**Problem to solve:**
Transcribe the lines below exactly. No image belongs in the transcription.

**Raw data:**

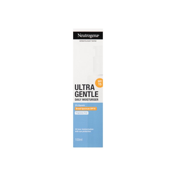 Neutrogena Ultra Gentle Daily Moisturiser SPF15 is a lightweight, oil-free formula that absorbs quickly to keep skin moisturised for 24 hours. Made with Glycerin, well known to improve skin hydration, and help strengthen skin's moisture barrier, and UVA/UVB broad spectrum sun protection to help prevent premature skin ageing.
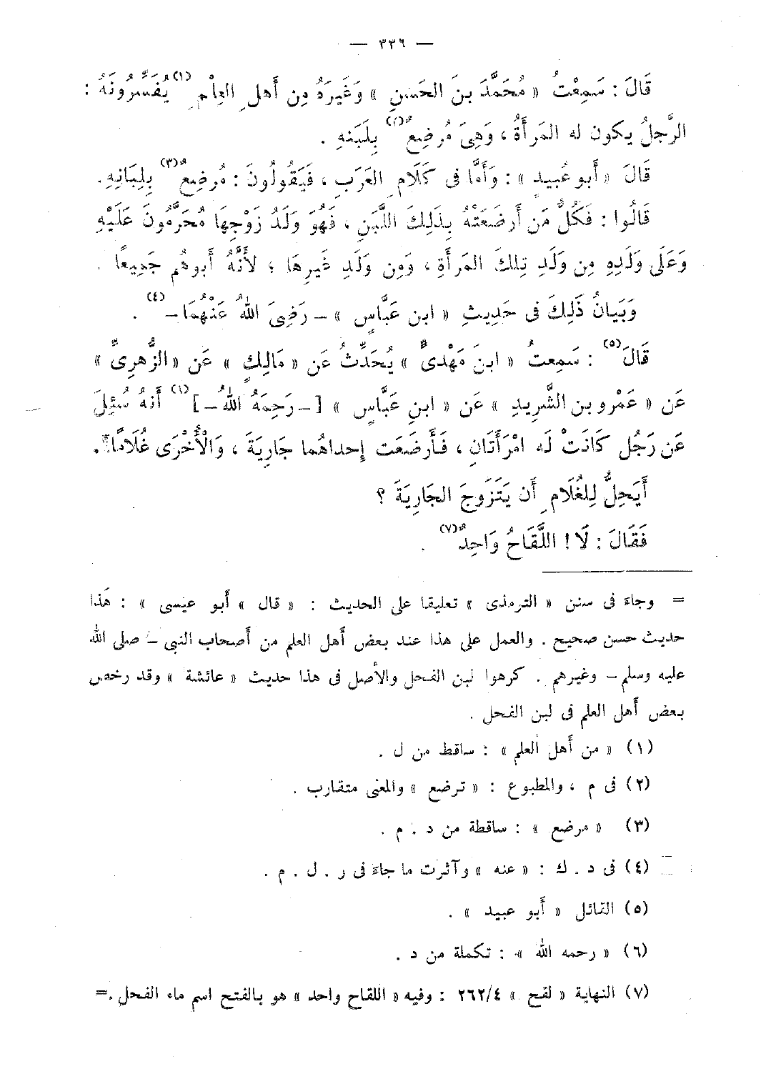 قال: سمعت "محمّد بن الحسن" وغيره من أهل العلم يفسّرونه: الرّجل يكون له المرأة، وهى مرضع بلبنه.
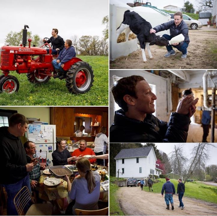 祖克伯昨 (30) 日則是前往威斯康辛州,拜訪住在Blanchardville的格朗特 (Jed Grant) 一家,還在他們的牧場裡第一次嘗試擠牛奶、餵小牛、駕駛拖拉機。他也與格朗特一家共進晚餐並在在臉書分享照片,還說這家人十分勤奮認真。

**Reply to the task:**
 Neutrogena Ultra Gentle Daily Moisturiser SPF15 is a lightweight, oil-free formula that absorbs quickly to keep skin moisturised for 24 hours. Made with Glycerin, well known to improve skin hydration, and help strengthen skin's moisture barrier, and UVA/UVB broad spectrum sun protection to help prevent premature skin ageing.
 قال: سمعت "محمّد بن الحسن" وغيره من أهل العلم يفسّرونه: الرّجل يكون له المرأة، وهى مرضع بلبنه.
 祖克伯昨 (30) 日則是前往威斯康辛州,拜訪住在Blanchardville的格朗特 (Jed Grant) 一家,還在他們的牧場裡第一次嘗試擠牛奶、餵小牛、駕駛拖拉機。他也與格朗特一家共進晚餐並在在臉書分享照片,還說這家人十分勤奮認真。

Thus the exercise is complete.